Characterization of the Antibacterial Agent in Honey

1. Heat stability

   Samples of honey will be subjected to various temperatures from RT to boiling; then cooled and "disked" and placed on lawns of Ec and Se.

2. pH stability

   Samples of honey will be subjected to various pH's, then neutralized and "disked" and placed on lawns of Ec and Se. This is a bit tricky because you cannot just mix in some acid or base to some honey until the desired pH's are attained. Picture this: you add a drop of acid to the honey. All the agent near the interface between the honey and the acid experiences extreme acidity until you mix the viscous batch. You need to think of how to let the desired pH diffuse into the honey so that no "over-shoot" occurs. How might dialysis/osmosis be of help?

3. Effect of a protease on it

   mix in some meat tenderizer and allow the mix to sit overnight, then disk it and place disks on lawns of Ec and Se.

4. Electrophoretic mobility

   Perhaps you have seen how on CSI various DNA samples are added to a gel and then electricity moves the fragments of DNA through a gel. You are going to make a petri plate filled with gel of starch. A small well will be made in the center of the gel into which you will place your honey. One one side of the plate you will have a positive electrode, and on the other side a negative one. If molecules of the agent have a net positive charge, they will move towards the negative electrode, and vice versa.

   • How will you know that the electricity has moved anything?
   • How will you know if the "agent" has moved?"

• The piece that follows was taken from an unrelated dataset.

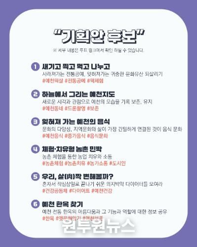 (원투원뉴스) 예천군과 (재)예천문화관광재단은 ‘문화특화지역 조성사업’의 일환으로 운영된 문화기획학교 '문화, 배울 수(水) 있지' 2기의 결과물인 문화기획 아이디어 제안 6건을 대상으로 한 공개투표를 오는 24일까지 진행한다고 밝혔다.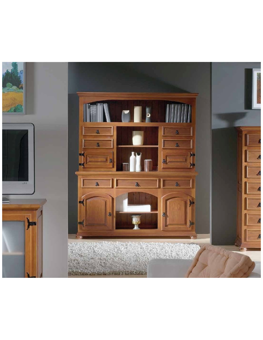 - Librero colonial: 167 x 201 x 43 cm.

5. Molecular weight (macromolecular or not?) by dialysis

   This might an easy experiment, but it will take time - at least overnight. You will put some honey into a dialysis tube (a sausage made of semipermeable cellophane). This will be placed in a large volume of water. If the agent is a small molecule (less than 10,000), it will diffuse out of the tubing. What else will happen? Osmosis: huge amounts of water will go into the tube to dilute the hypertonic honey! How do you intend to get the volume back down to what you started with?

6. alcohol stability

   Perhaps dialyze small samples of honey against various concentrations of alcohol.

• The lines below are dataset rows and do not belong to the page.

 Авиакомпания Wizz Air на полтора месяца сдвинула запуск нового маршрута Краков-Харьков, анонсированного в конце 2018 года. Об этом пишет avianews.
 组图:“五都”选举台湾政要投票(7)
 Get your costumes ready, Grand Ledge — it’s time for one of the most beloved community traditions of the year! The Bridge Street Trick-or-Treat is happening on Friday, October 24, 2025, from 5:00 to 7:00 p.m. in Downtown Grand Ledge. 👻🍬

7. (NH₄)₂SO₄ precipitable? (AS↓?)

   Add enough AS to make the honey saturated with it. If the "agent" is "salted-out," it should precipitate and this can be enhanced by centrifugation. When disks made from the precipitate are placed on bacterial lawns, do zones of exclusion develop?

8. NaIO₄ susceptibility (periodate tests for saccharides)

   Remembering that honey has lots of saccharides in it (particularly lots of fructose), your periodate will surely start reacting with the great bulk of fructose. But if half of the fructose is degraded, then also half of any other saccharide will also be degraded, and your zone of inhibition will be only half as large as the untreated sample. Add more periodate, and the zone should be smaller still. And so on. BUT periodate is known to degrade saccharides into possibly toxic things. Happily, E. coli shouldn't be affected by the formic acid (HCOOH) produced. Perhaps you should consider running this periodate oxidate experiment via dialysis - but then you will want to watch the molecular weight group's results closely.